"The fellow's not very prepossessing," he told me, of an evening when he had dined with us, "but I've been on the bench long enough to be skeptical of any fixed good or bad type—I've found that the criminal type is any type that goes wrong; so I shouldn't go so far as to call this chap a bad egg. But—I hope you are reasonably sure of him, father?"
"Reasonably," said I, composedly.
"Laurence tells me Madame and Mary Virginia like the fellow. H'm! Well, I've acquired a little faith in the intuition of women—some women, understand, and some times. And mark you, I didn't say judgment. Let us hope that this is one of the times when faith in intuition will be justified."
Later, when he had had time to examine the work progressing under the flexible fingers of the silent workman, he withdrew with more respect.
"I suppose he's all right, if you think so, father. But I'd watch out for him, anyway," he advised.

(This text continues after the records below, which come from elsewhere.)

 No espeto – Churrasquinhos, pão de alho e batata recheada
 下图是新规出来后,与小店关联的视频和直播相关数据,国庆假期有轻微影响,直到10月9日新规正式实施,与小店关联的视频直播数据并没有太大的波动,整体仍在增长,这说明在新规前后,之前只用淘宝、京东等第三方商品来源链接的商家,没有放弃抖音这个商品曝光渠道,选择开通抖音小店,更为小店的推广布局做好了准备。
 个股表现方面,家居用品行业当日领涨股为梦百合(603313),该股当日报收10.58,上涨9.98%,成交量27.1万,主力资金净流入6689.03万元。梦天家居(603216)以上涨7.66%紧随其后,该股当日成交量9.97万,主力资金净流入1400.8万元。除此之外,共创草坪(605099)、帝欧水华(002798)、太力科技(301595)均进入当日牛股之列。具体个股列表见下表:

"That is exactly what I intend to do."
"Rather he fell into your hands than mine. Better for him," said the judge, briefly. Then he launched into an intimate talk of Laurence, and in thus talking of the boy's future, forgot my helper.

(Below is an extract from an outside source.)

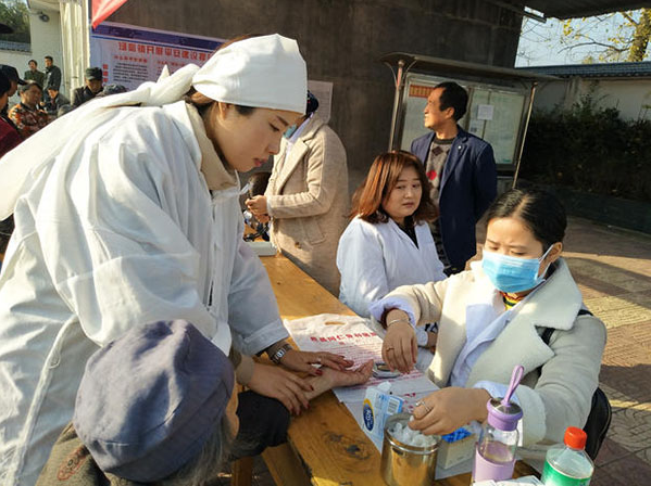 眉县同仁骨科医院此次共派来十多名医护骨干人员,为乡亲们开展测血糖、量血压、B超、骨密度测定、骨病检查等多个检查项目,回答村民咨询的问题,并对症下药,为大家免费送上治疗药品。

That was it, exactly. The man was so unobtrusive without in the least being furtive. Had so little to say; attended so strictly to his own business, and showed himself so utterly and almost inhumanly uninterested in anybody else's, that he kept in the background. He was there, and people knew it; they were, in a sense, interested in him, but not curious about him.
One morning in early autumn—he had been with us then some eight or nine months—I went over to his rooms with a New York newspaper in my hand. It had news that set my heart to pounding sickeningly—news that at once simplified and yet complicated matters. I hesitated as to whether or not I should tell him, but decided that whatever effect that news might produce, I would deal with him openly, above board, and always with truth. He must act and judge for himself and with his eyes open. On my part there should be no concealment.

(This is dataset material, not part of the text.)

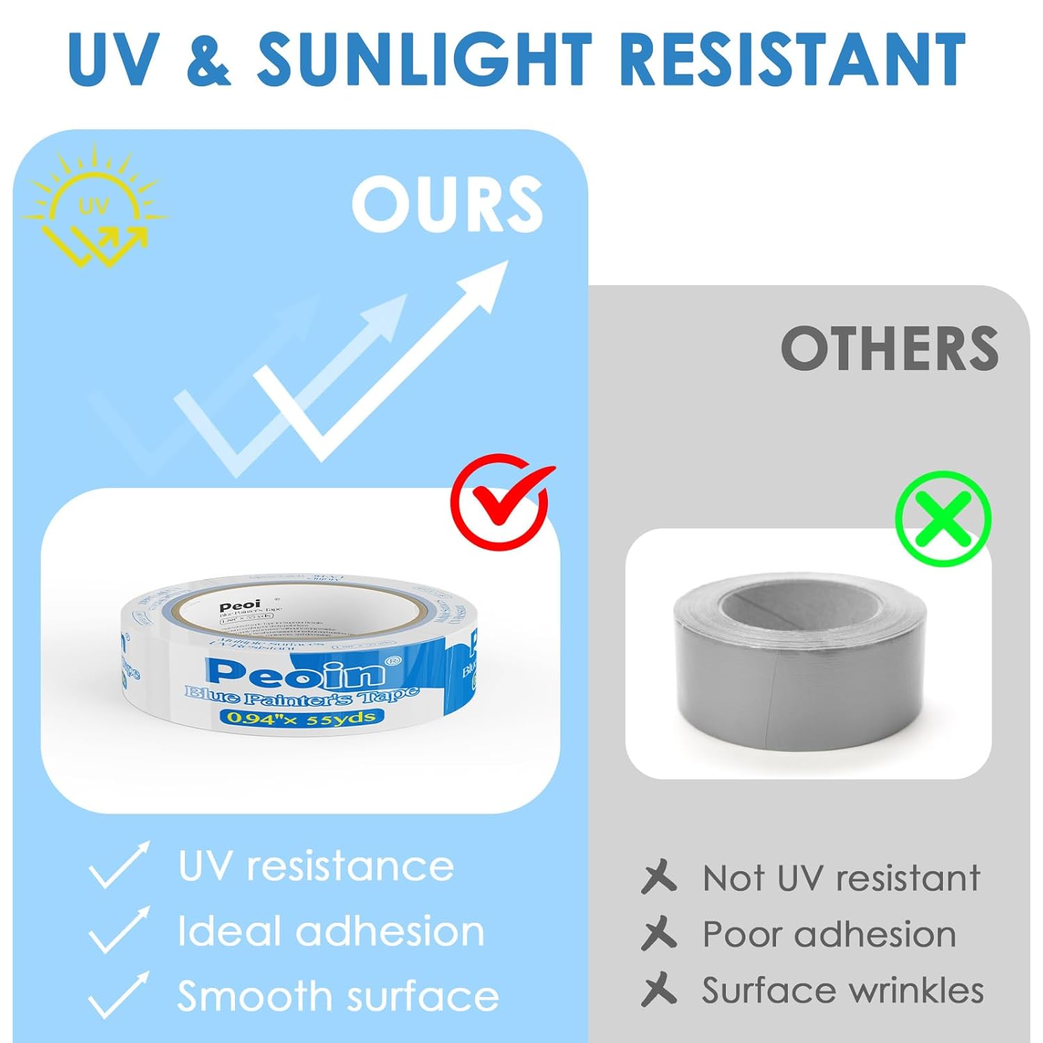 - UV Resistant: The blue painters tape 0.94 inch wide is made of high-quality crepe paper, preventing paint from seeping through and featuring UV resistance, moisture protection, and other characteristics, ensuring safety and efficiency. Perfect for all kinds of indoor and outdoor work. No need to worry about the tape getting wet

The paper stated that the body of a man found floating in the East River had been positively identified by the police as that of Slippy McGee. That the noted crook had gotten back into New York through the cunning dragnet so carefully spread for him was another proof of his daring and dexterity. How he met the dark fate which set him adrift, battered and dreadful, in the East River, was another of those underworld crimes that remain unsolved. Cunning and dangerous, mysterious in his life, baffling all efforts to get at him, he was as evilly mysterious in his death. There was only one thing sure—that this dead wretch with the marks of violence upon him was Slippy McGee; and since his breath had ceased, the authorities could breathe easier.